** Supplied data follows **

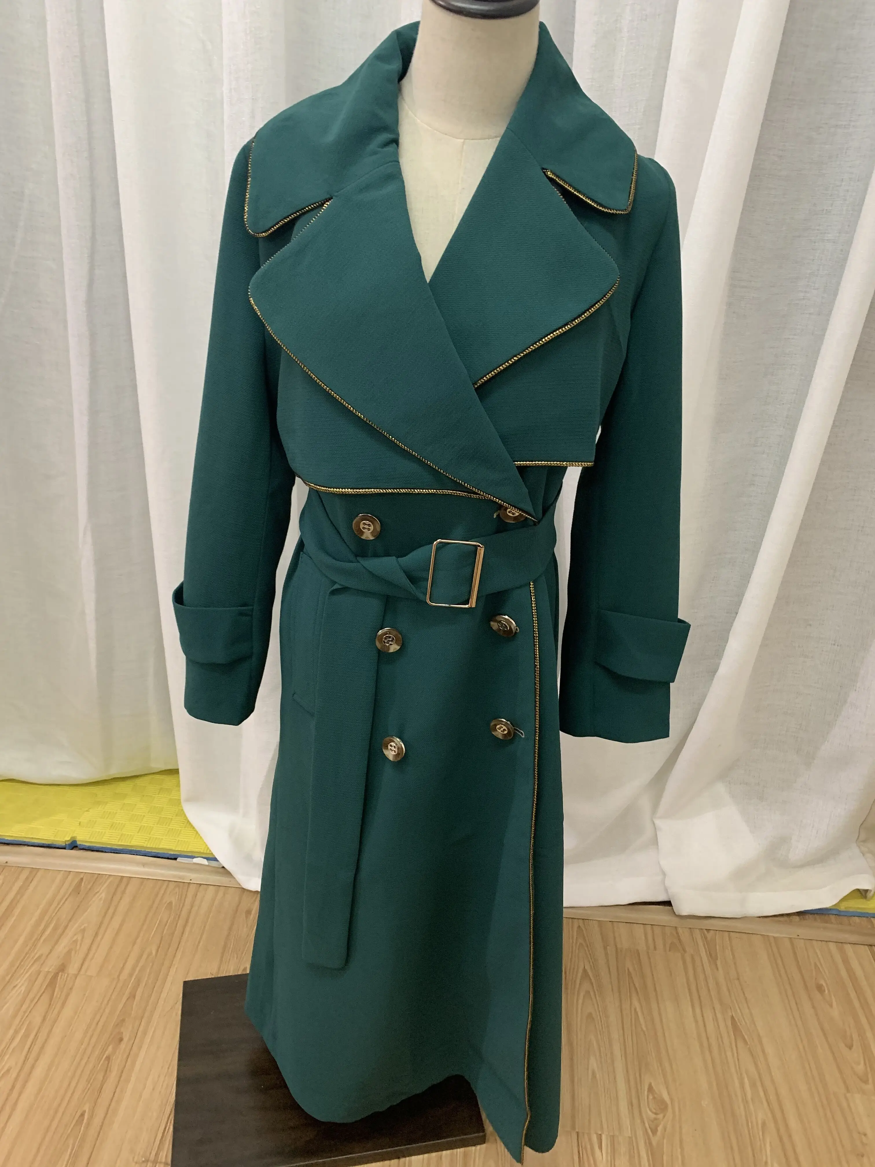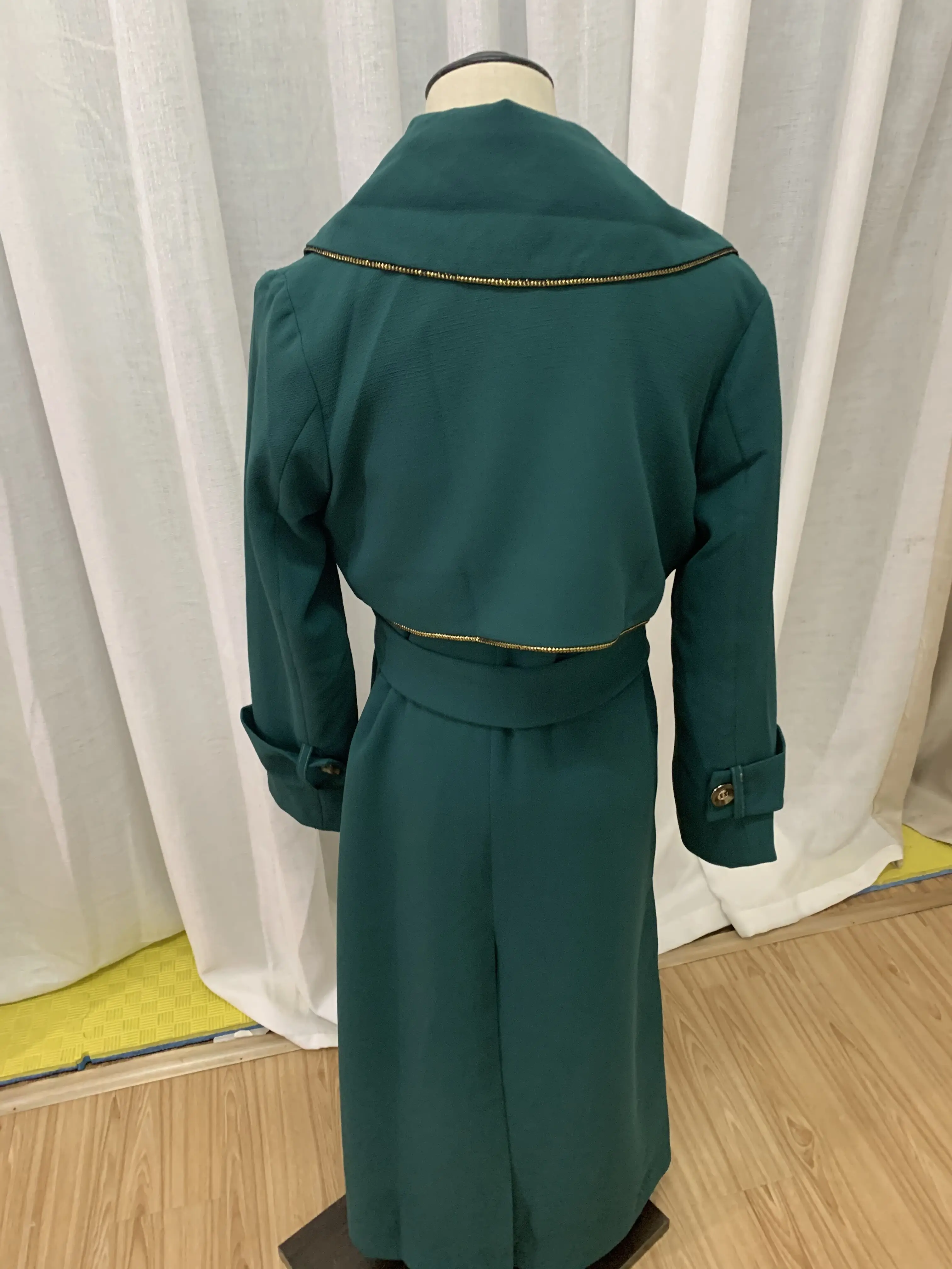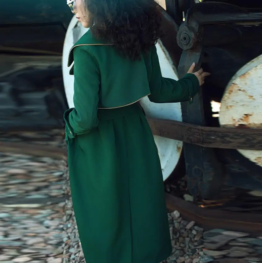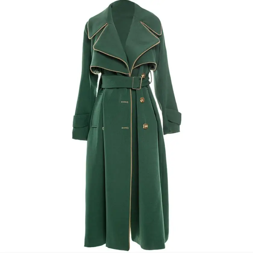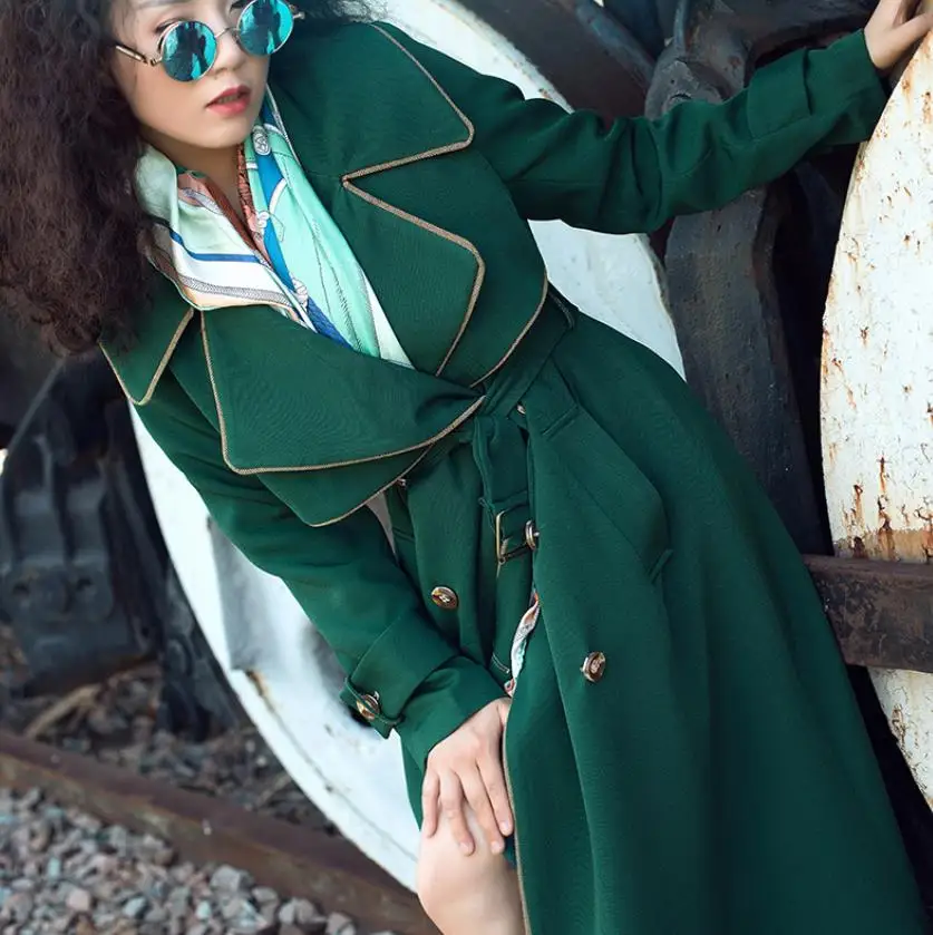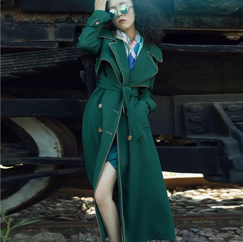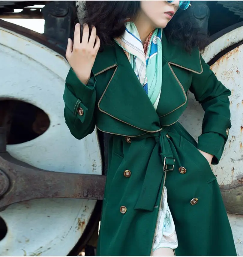 Женская двубортная ветровка средней длины, темно-зеленая ультрадлинная элегантная ветровка в британском стиле, осень 2021
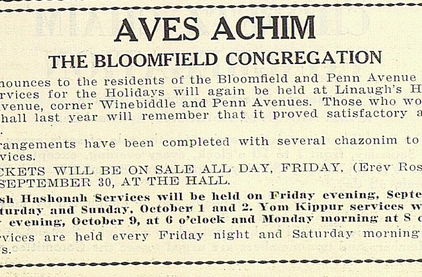 Advertisement for upcoming High Holiday services for Jewish residents of Bloomfield at Aves Achim Congregation. Services to be held at 5022 Penn Ave. Advertisement also mentions regular Friday night and Saturday morning services, as well as “all holidays” at same address. Contact is Ruben Shapera.
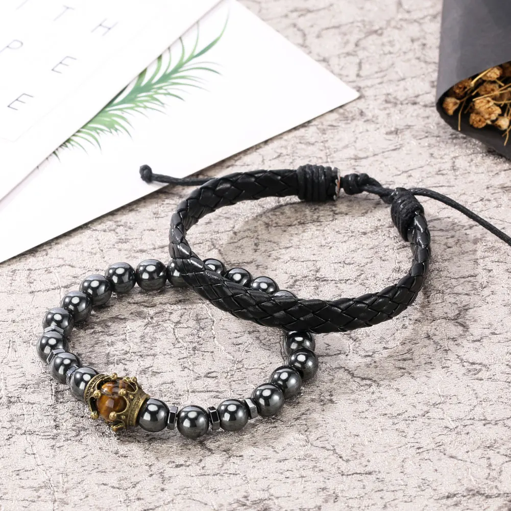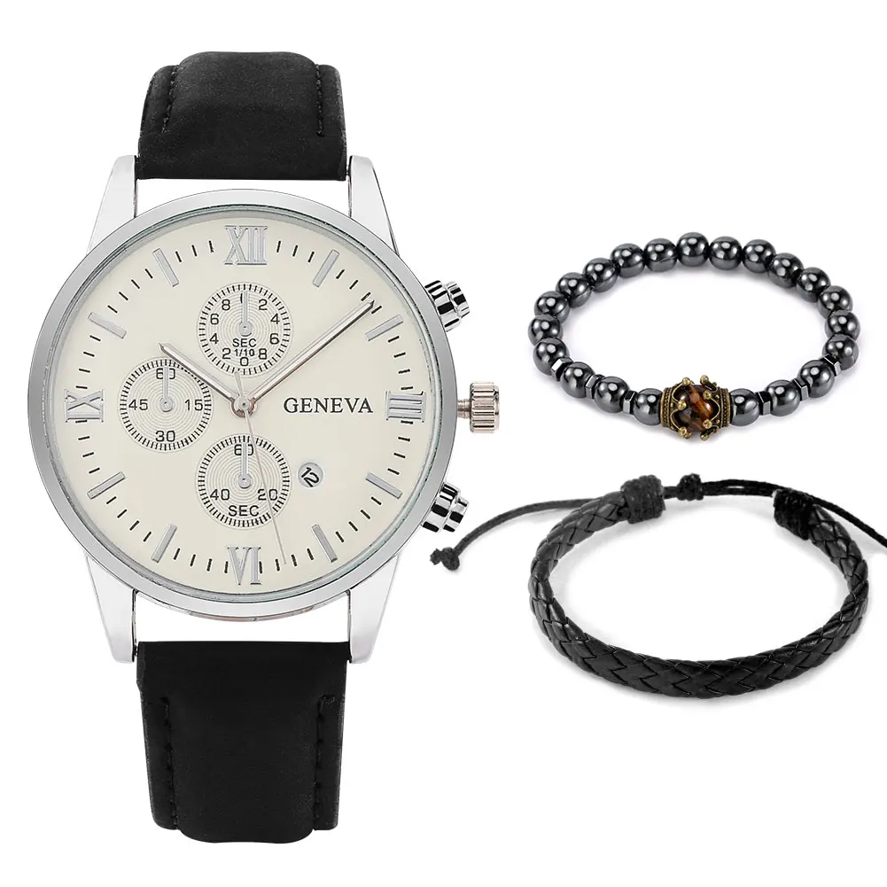 Набор модных мужских часов и браслетов, белый кварцевый Циферблат с римскими цифрами, кожаный ремешок, эластичный регулируемый плетеный браслет, подарочная коробка
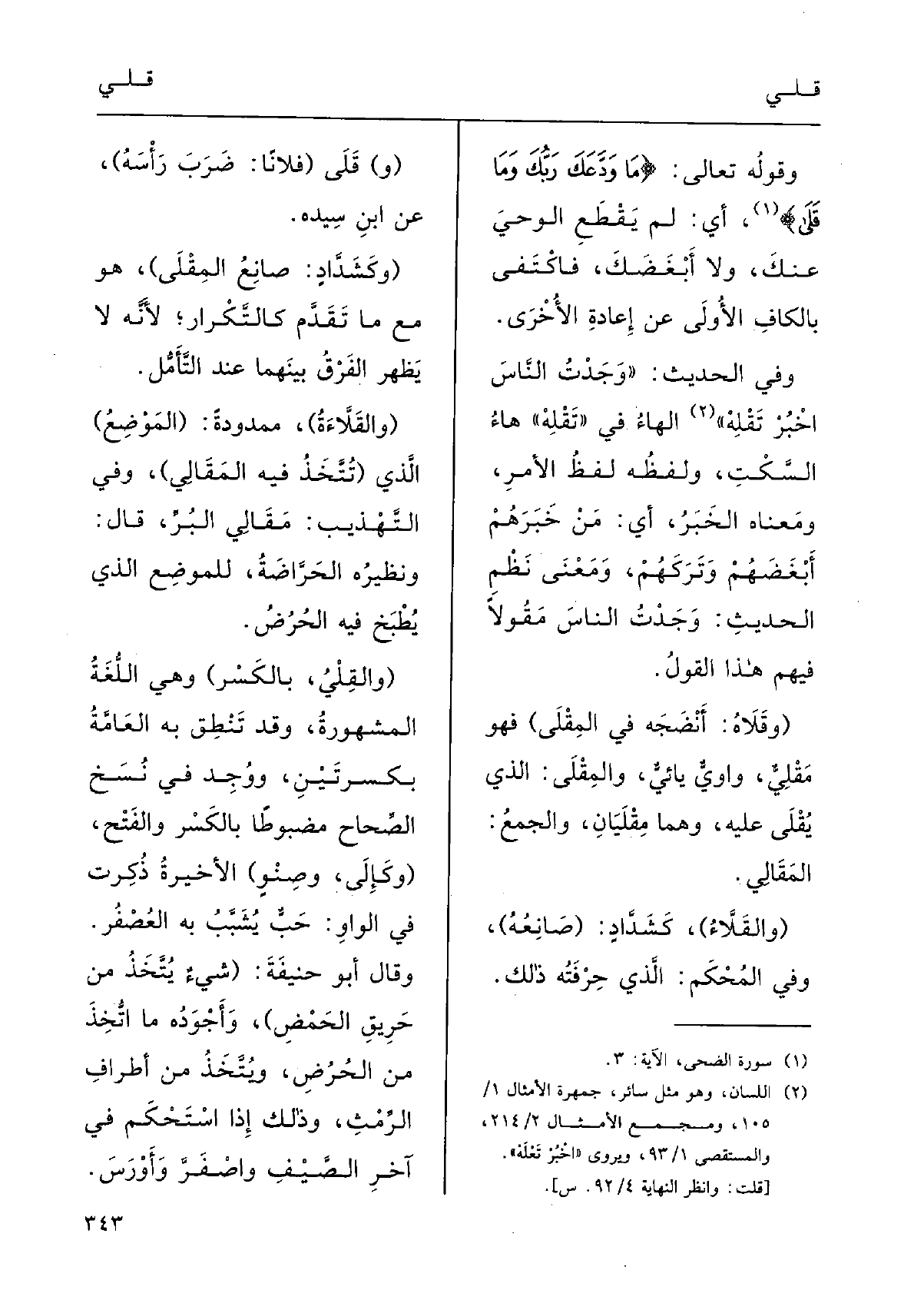 ( {وقَلاهُ: أَنْضَجَهُ فِي} المِقْلَى) ، فَهُوَ {مَقْلِيٌّ؛ واوِيٌّ يائِيٌّ.

** End of Supplied data **

▶ _Exercise description_: Give the data again exactly, image-free.

▶ _Answer space_:
 Женская двубортная ветровка средней длины, темно-зеленая ультрадлинная элегантная ветровка в британском стиле, осень 2021
 Advertisement for upcoming High Holiday services for Jewish residents of Bloomfield at Aves Achim Congregation. Services to be held at 5022 Penn Ave. Advertisement also mentions regular Friday night and Saturday morning services, as well as “all holidays” at same address. Contact is Ruben Shapera.
 Набор модных мужских часов и браслетов, белый кварцевый Циферблат с римскими цифрами, кожаный ремешок, эластичный регулируемый плетеный браслет, подарочная коробка
 ( {وقَلاهُ: أَنْضَجَهُ فِي} المِقْلَى) ، فَهُوَ {مَقْلِيٌّ؛ واوِيٌّ يائِيٌّ.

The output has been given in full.